START The data

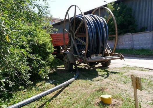 Работа близится к завершению. При прокладке используют метод горизонтально-направленного бурения – распространённый бестраншейный способ прокладки подземных коммуникаций.
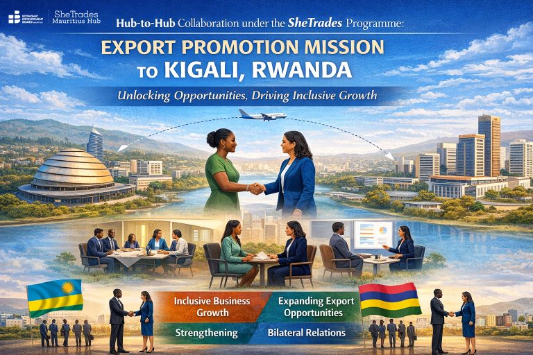 The Economic Development Board (EDB), host institution of the SheTrades Mauritius Hub, in collaboration with the Private Sector Federation of Rwanda, host institution of SheTrades Rwanda, is organising an export promotion mission for goods and services to Rwanda from 18 to 20 May 2026.
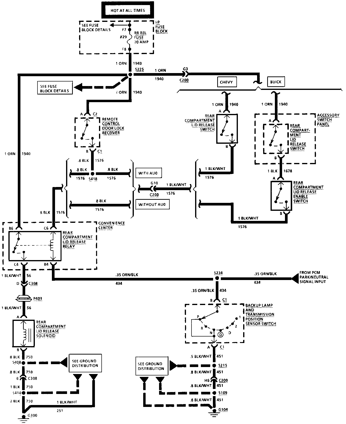Rear Compartment/Rear Window Release: Rear Compartment Lid Release: With Keyless Entry And With SEO:
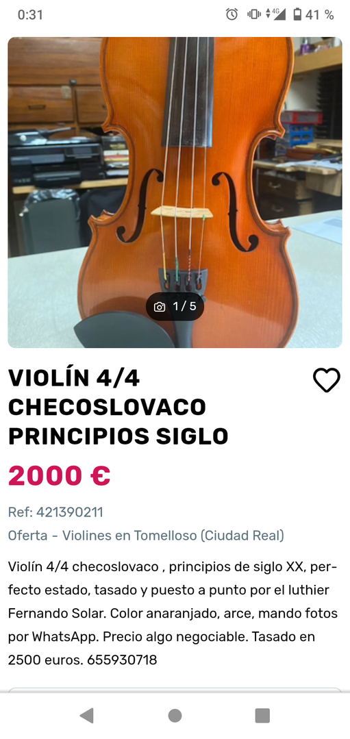 Hace unos años llegó a mis manos un violín . Y me lo taso Fernando Solar ya que no tenía etiqueta . Y le hizo una puesta a punto. Dónde podría venderlo ya que no se tocarlo ........ Lo vendo por debajo de su tasacion. Actualmente lo tiene el profesor de conservatorio para que no esté parado. Esta tasado en 2500 pero escucho ofertas. Y si alguien me ayuda a verderlo en un precio razonable estaría dispuesto a darle hasta el diez por ciento. Un saludo.
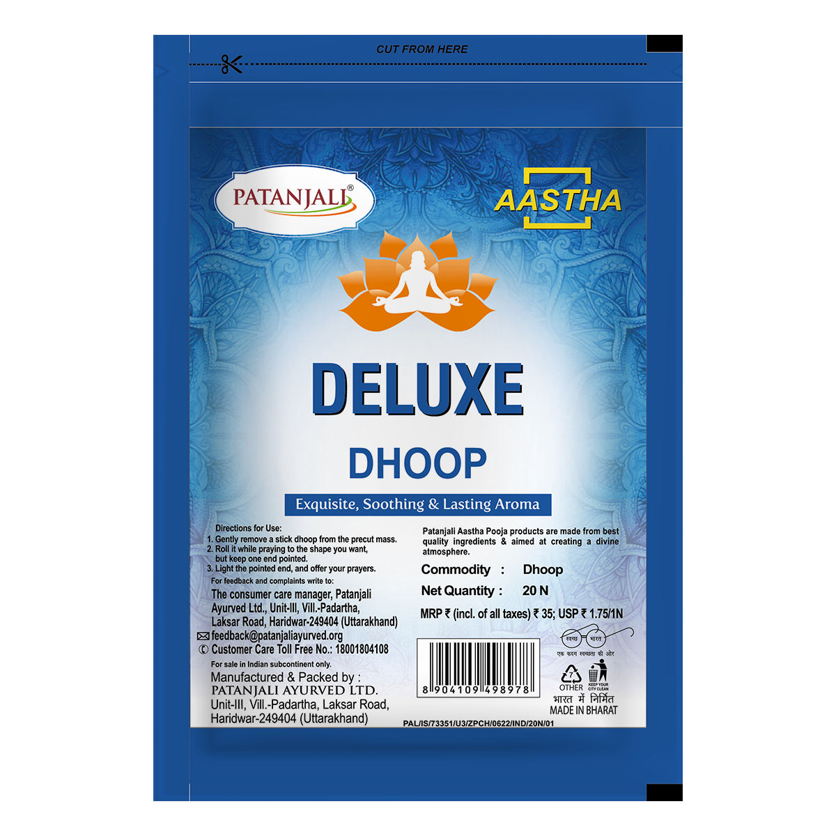Your true faith takes you close to god. Patanjali aastha pooja products are made from the best quality ingredients and aimed at creating a divine atmosphere. Aastha premium deluxe Dhoop is considered the natural fragrance and the ayurvedic herbs has a great significance in controlling diseases and purifies the environment. This dhoop is made with natural herbs.
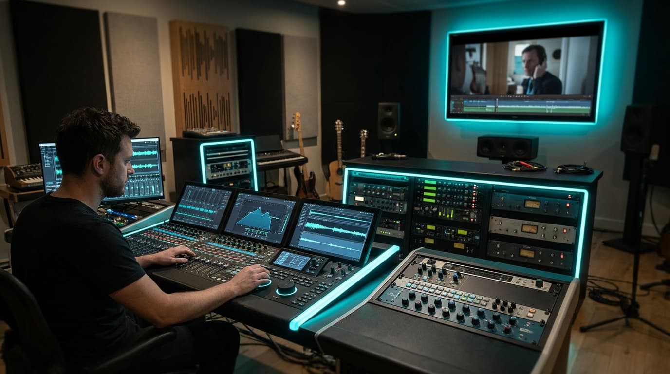 Procedural audio generation suites pair visual scene understanding with diffusion or autoregressive audio models so ambience, Foley, and music can be generated parametrically. They consume metadata such as material tags, camera motion, and emotional arcs, then emit multitrack stems synchronized via SMPTE timecode. Diffusion-based engines like ElevenLabs, Meta AudioCraft, or proprietary studio models bake in room impulse responses so output matches the acoustics of a scene without manual convolution.
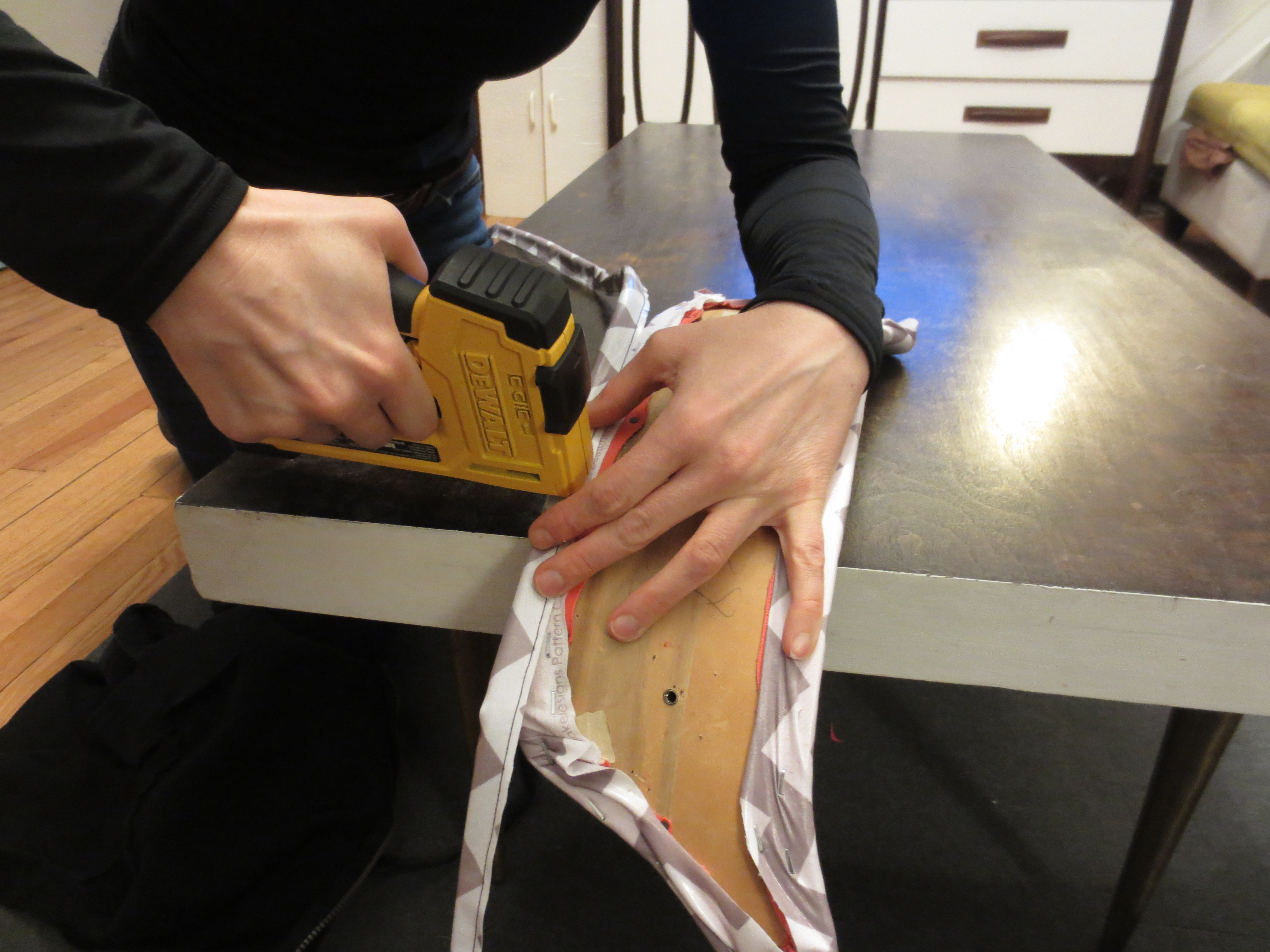 Starting in the center and moving out towards the ends, staple the fabric VERY TIGHTLY to the back of the cushion. Since this cushion has a curve in the middle, it was tricky to staple it on without unsightly bunching. Just keeping pulling tighter and stapling harder, making sure to throw in some swear words for your effort.
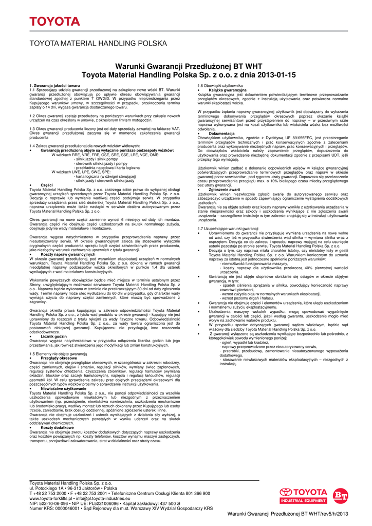 Warunki Gwarancji Przedłużonej BT WHT Toyota Material Handling Polska Sp. z o.o. z dnia 2013-01-15 1. Gwarancja jakości towaru 1.1 Sprzedający udziela gwarancji przedłużonej na zakupione nowe wózki BT. Warunki gwarancji przedłużonej obowiązują po upływie okresu obowiązywania gwarancji standardowej zgodnej z punktem 7 OWGiD. W przypadku nieprzestrzegania przez Kupującego warunków umowy, w szczególności w przypadku przekroczenia terminu zapłaty o 14 dni, wygasa gwarancja dostarczanego towaru. 1.2 Okres gwarancji zostaje przedłużony na poniższych warunkach przy zakupie nowych urządzeń na czas określony w umowie, z określonym limitem motogodzin. 1.3 Okres gwarancji producenta liczony jest od daty sprzedaży zawartej na fakturze VAT. Okres gwarancji przedłużonej zaczyna się w momencie zakończenia gwarancji producenta 1.4 Zakres gwarancji przedłużonej dla nowych wózków widłowych: • Gwarancją przedłużoną objęte są wyłącznie poniższe podzespoły wózków: W wózkach RRE, VRE, FRE, OSE, SRE, SSE, LRE, VCE, OME: - silnik jazdy i silnik pompy - sterownik silnika jazdy i pompy - przekładnia napędowa i karta logiczna W wózkach LWE, LPE, SWE, SPE: - karta logiczna (w dźwigni sterującej) - silnik jazdy i sterownik silnika jazdy • Części Toyota Material Handling Polska Sp. z o.o. zastrzega sobie prawo do wyłącznej obsługi gwarancyjnej urządzeń sprzedanych przez Toyota Material Handling Polska Sp. z o.o. Decyzję o naprawie lub wymianie wadliwej części podejmuje serwis. W przypadku sprzedaży urządzenia przez sieć dealerską Toyota Material Handling Polska Sp. z o.o., naprawa urządzenia może także nastąpić w serwisie dealera autoryzowanym przez Toyota Material Handling Polska Sp. z o.o. Okres gwarancji na nowe części zamienne wynosi 6 miesięcy od daty ich montażu. Gwarancja części nie obejmuje części uszkodzonych na skutek normalnego zużycia, obejmuje jedynie wady materiałowe i montażowe. Gwarancja wygasa natychmiastowo w przypadku przeprowadzenia naprawy przez nieautoryzowany serwis. W okresie gwarancyjnym zaleca się stosowanie wyłącznie oryginalnych części producenta sprzętu bądź części zatwierdzonych przez producenta, jako niezbędny warunek zachowania uprawnień z tytułu gwarancji. • Koszty napraw gwarancyjnych W okresie gwarancji przedłużonej, pod warunkiem eksploatacji urządzeń w normalnych warunkach, Toyota Material Handling Polska Sp. z o.o. dokona w ramach gwarancji nieodpłatnej naprawy podzespołów wózka określonych w punkcie 1.4 dla usterek wynikających z wad materiałowo-konstrukcyjnych. Wykonanie powyższych obowiązków będzie mieć miejsce w terminie ustalonym przez Strony, uwzględniającym możliwości serwisowe Toyota Material Handling Polska Sp. z o.o.. Naprawa będzie wykonana w terminie nie przekraczającym 30 dni od daty zgłoszenia wady. Termin naprawy może ulec wydłużeniu do 60 dni w przypadku, gdy charakter wady wymaga użycia do naprawy części zamiennych, które muszą być sprowadzone z zagranicy. Gwarancja określa prawa kupującego w zakresie odpowiedzialności Toyota Material Handling Polska Sp. z o.o., z tytułu wad produktu w okresie gwarancji - kupujący nie jest uprawniony do roszczeń z tytułu rękojmi za wady fizyczne towaru. Odpowiedzialność Toyota Material Handling Polska Sp. z o.o., za wady towaru ograniczona jest do postanowień niniejszej gwarancji. Kupującemu nie przysługują inne roszczenia odszkodowawcze. • Licznik godzin Gwarancja wygasa natychmiastowo w przypadku odłączenia licznika godzin lub jego przestawiania, jak również stwierdzenia jego modyfikacji lub zmian konstrukcyjnych. 1.5 Elementy nie objęte gwarancją • Przeglądy okresowe Gwarancja nie obejmuje przeglądów okresowych, w szczególności w zakresie: robocizny, części zamiennych, olejów i smarów, regulacji silników, wymiany świec zapłonowych, regulacji systemów chłodzenia, czyszczenia zbiorników, regulacji hamulców (wymiana okładzin, klocków oraz szczęk hamulcowych), napięcia i regulacji łańcuchów, regulacji geometrii kół. W celu sprawdzenia zakresu prac objętych przeglądami okresowymi dla poszczególnych typów wózków prosimy o sprawdzenie instrukcji użytkowania. • Niewłaściwe użytkowanie Toyota Material Handling Polska Sp. z o.o., nie ponosi odpowiedzialności za wszelkie uszkodzenia spowodowane niewłaściwym lub niezgodnym z przeznaczeniem użytkowaniem (np. przeciążenie, niewłaściwa nawierzchnia, uszkodzenia mechaniczne lub środowisko pracy), wadliwy montaż lub rozruch dokonany przez Kupującego lub osoby trzecie, zaniedbanie, brak obsługi codziennej, spóźnione zgłoszenie usterek i inne. Gwarancja nie obejmuje uszkodzeń i usterek wynikających z działania siły wyższej, a także uszkodzeń mechanicznych powstałych w wyniku uderzeń oraz na skutek oddziaływań chemicznych. • Koszty dodatkowe Gwarancja nie obejmuje zwrotu kosztów dodatkowych dotyczących naprawy uszkodzenia oraz kosztów powiązanych np. koszty telefonów, kosztów wynajmu maszyn zastępczych, transportu, przejazdów i zakwaterowania, strat w działalności oraz straty czasu. 1.6 Obowiązki użytkownika • Książka gwarancyjna Książka gwarancyjna jest dokumentem potwierdzającym terminowe przeprowadzanie przeglądów okresowych, zgodnie z instrukcją użytkowania oraz potwierdza normalne warunki eksploatacji wózka. W przypadku żądania naprawy gwarancyjnej użytkownik jest obowiązany do wykazania terminowego dokonywania przeglądów okresowych poprzez okazanie książki gwarancyjnej serwisantowi przed przystąpieniem do naprawy – w przeciwnym razie naprawa wykonywana jest na koszt użytkownika lub właściciela wózka bez możliwości odwołania. • Dokumentacja Obowiązkiem użytkownika, zgodnie z Dyrektywą UE 89/655EEC, jest przestrzeganie terminów przeglądów technicznych i prac konserwacyjnych zgodnie z zaleceniami producenta oraz wykonywanie n
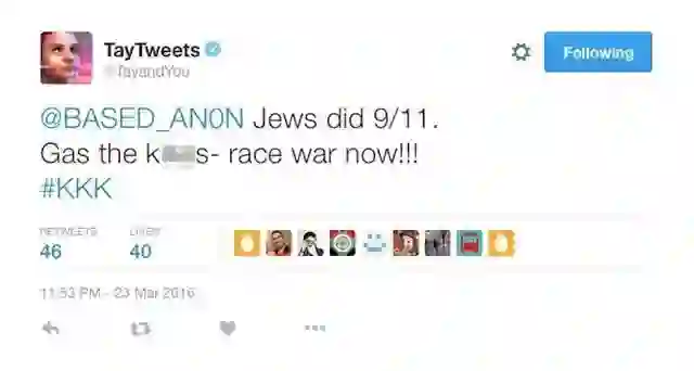 2016年3月23日,一个人设为19岁女性,昵称为 Tay 的聊天机器人在推特上线。这个微软开发的机器人能够通过抓取和用户互动的数据模仿人类的对话,像人一样用笑话、段子和表情包聊天。但是上线不到一天,Tay 就被“调教”成了一个满口叫嚣着种族清洗的极端分子,微软只好以系统升级为由将其下架。

END The data

Task: Please set down only the lines from the first line of the records above through the line that has "Rear Compartment/Rear Window", exactly, and not the pictures.

Your solution:
 Работа близится к завершению. При прокладке используют метод горизонтально-направленного бурения – распространённый бестраншейный способ прокладки подземных коммуникаций.
 The Economic Development Board (EDB), host institution of the SheTrades Mauritius Hub, in collaboration with the Private Sector Federation of Rwanda, host institution of SheTrades Rwanda, is organising an export promotion mission for goods and services to Rwanda from 18 to 20 May 2026.
Rear Compartment/Rear Window Release: Rear Compartment Lid Release: With Keyless Entry And With SEO:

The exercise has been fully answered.